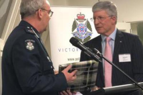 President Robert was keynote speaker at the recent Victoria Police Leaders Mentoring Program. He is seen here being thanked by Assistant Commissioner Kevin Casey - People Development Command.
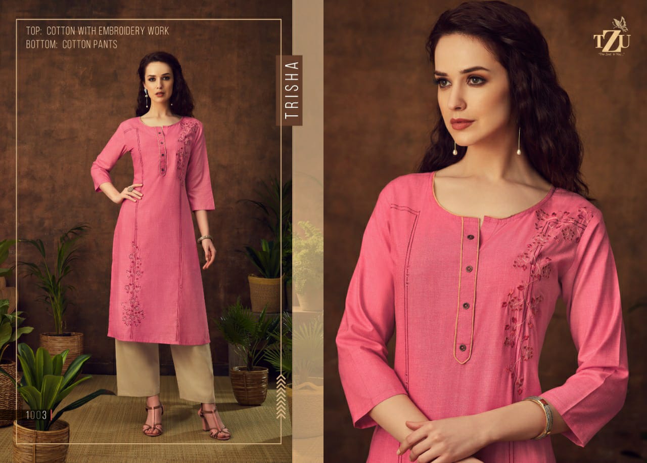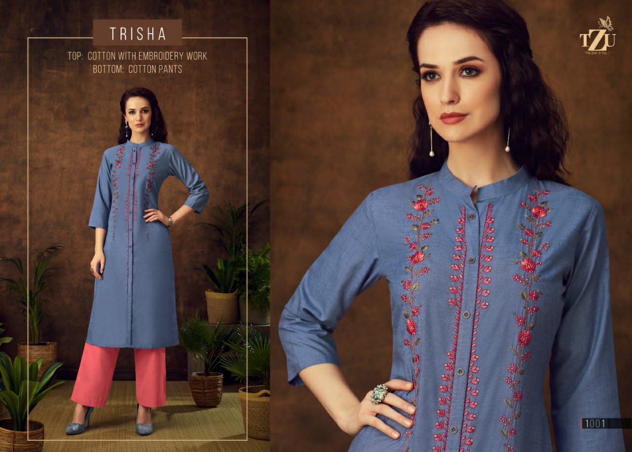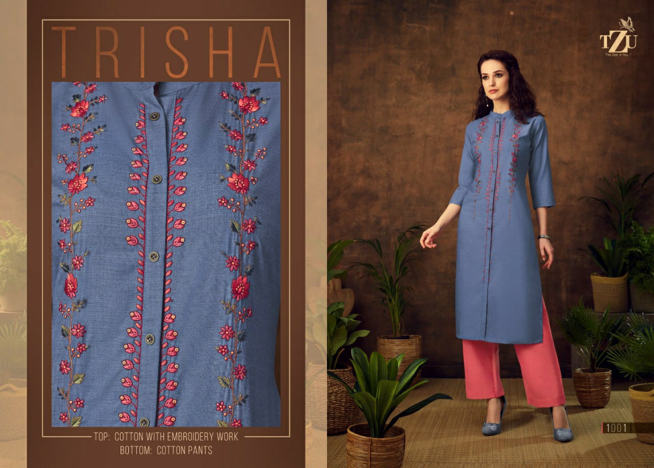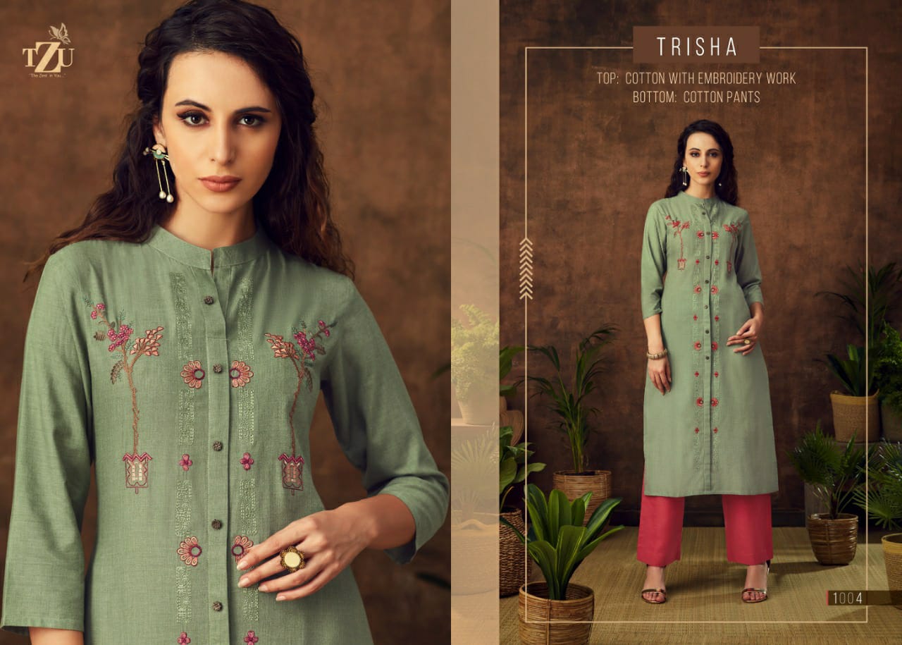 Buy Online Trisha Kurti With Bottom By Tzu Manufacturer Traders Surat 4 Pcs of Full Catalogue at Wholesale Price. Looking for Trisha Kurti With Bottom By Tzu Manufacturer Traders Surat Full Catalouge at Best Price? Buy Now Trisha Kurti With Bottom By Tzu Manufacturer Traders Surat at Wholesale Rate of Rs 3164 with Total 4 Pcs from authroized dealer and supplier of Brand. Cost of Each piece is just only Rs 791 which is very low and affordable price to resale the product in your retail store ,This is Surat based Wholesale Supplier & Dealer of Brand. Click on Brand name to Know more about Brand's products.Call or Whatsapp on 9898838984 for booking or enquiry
==
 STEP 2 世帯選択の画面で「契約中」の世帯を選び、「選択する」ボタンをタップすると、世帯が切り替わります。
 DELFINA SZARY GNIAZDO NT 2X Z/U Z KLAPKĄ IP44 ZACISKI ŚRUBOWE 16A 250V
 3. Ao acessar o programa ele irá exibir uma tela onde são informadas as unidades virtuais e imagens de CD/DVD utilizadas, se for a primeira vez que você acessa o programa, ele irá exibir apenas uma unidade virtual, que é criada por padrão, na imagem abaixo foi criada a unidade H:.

- **ASSIGNMENT**
Output, from the data above, the lines from the line with "STEP 2 世帯選択の画面で「契約中」の世帯を選び、「選択する」ボタンをタップすると、世帯が切り替わります。" to the line with "3. Ao acessar" exactly as they stand, both ends included and nothing else.

- **RESPONSE FOR THIS EXERCISE**
 STEP 2 世帯選択の画面で「契約中」の世帯を選び、「選択する」ボタンをタップすると、世帯が切り替わります。
 DELFINA SZARY GNIAZDO NT 2X Z/U Z KLAPKĄ IP44 ZACISKI ŚRUBOWE 16A 250V
 3. Ao acessar o programa ele irá exibir uma tela onde são informadas as unidades virtuais e imagens de CD/DVD utilizadas, se for a primeira vez que você acessa o programa, ele irá exibir apenas uma unidade virtual, que é criada por padrão, na imagem abaixo foi criada a unidade H:.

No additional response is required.